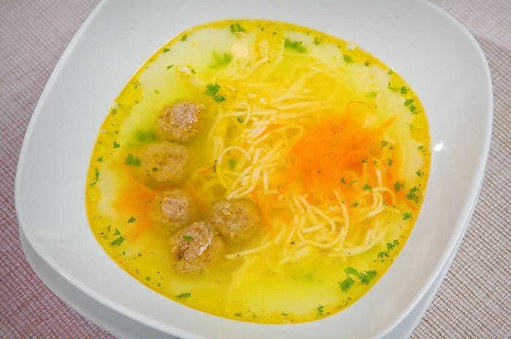 Домашний суп с лапшой на основе говяжьего бульона с фрикадельками
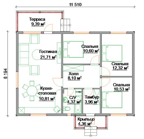 Наружные стены обеспечивают защиту от температурных перепадов, влаги и ветра. Базальтовый утеплитель и мембраны делают дом энергоэффективным. Внутренние перегородки с звукоизоляцией создают комфортную акустику.
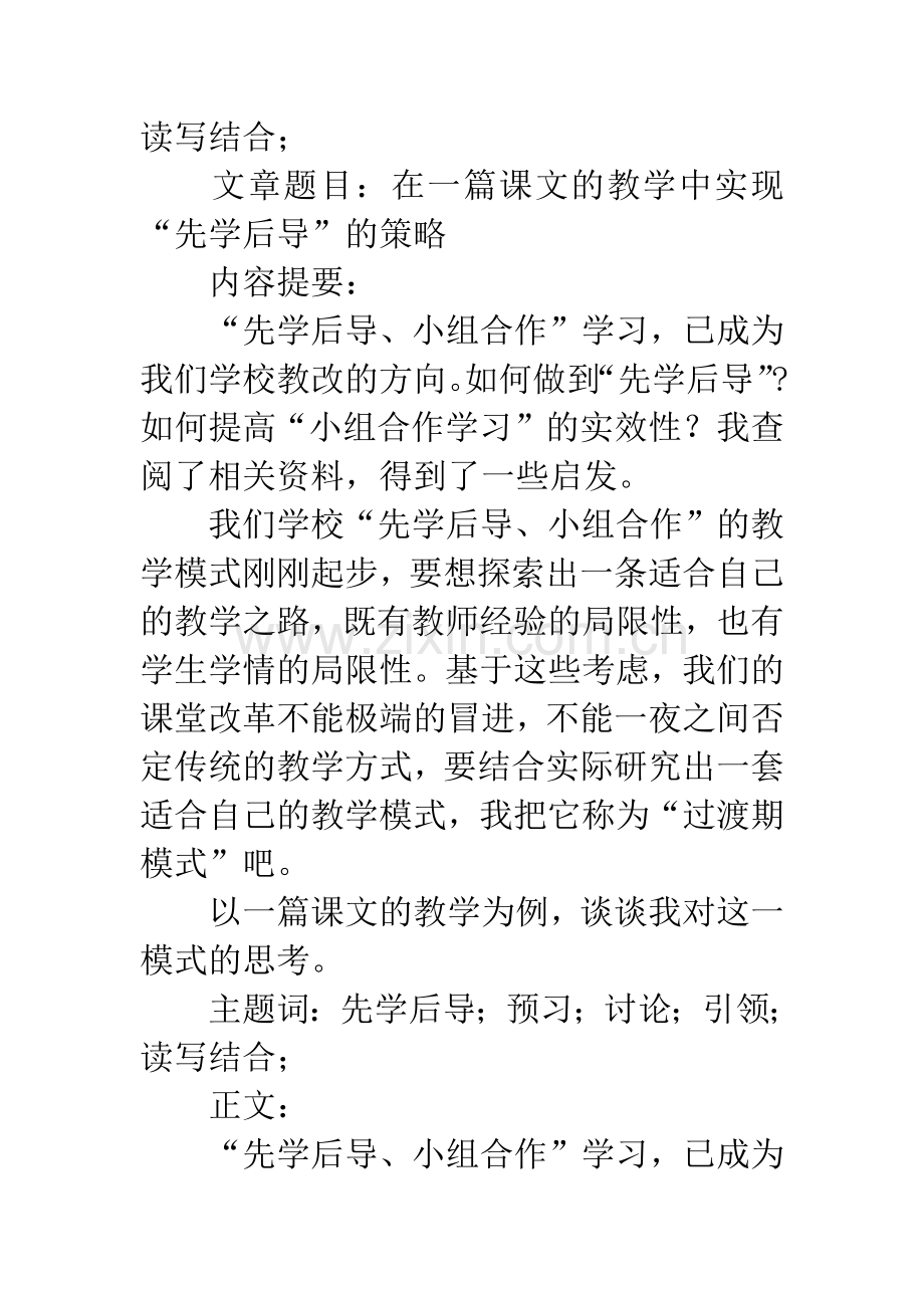 文章题目:在一篇课文的教学中实现“先学后导”的策略

THE TASK. Exclude the images, then output the data above word for word.

FINISHED TASK.
 Домашний суп с лапшой на основе говяжьего бульона с фрикадельками
 Наружные стены обеспечивают защиту от температурных перепадов, влаги и ветра. Базальтовый утеплитель и мембраны делают дом энергоэффективным. Внутренние перегородки с звукоизоляцией создают комфортную акустику.
 文章题目:在一篇课文的教学中实现“先学后导”的策略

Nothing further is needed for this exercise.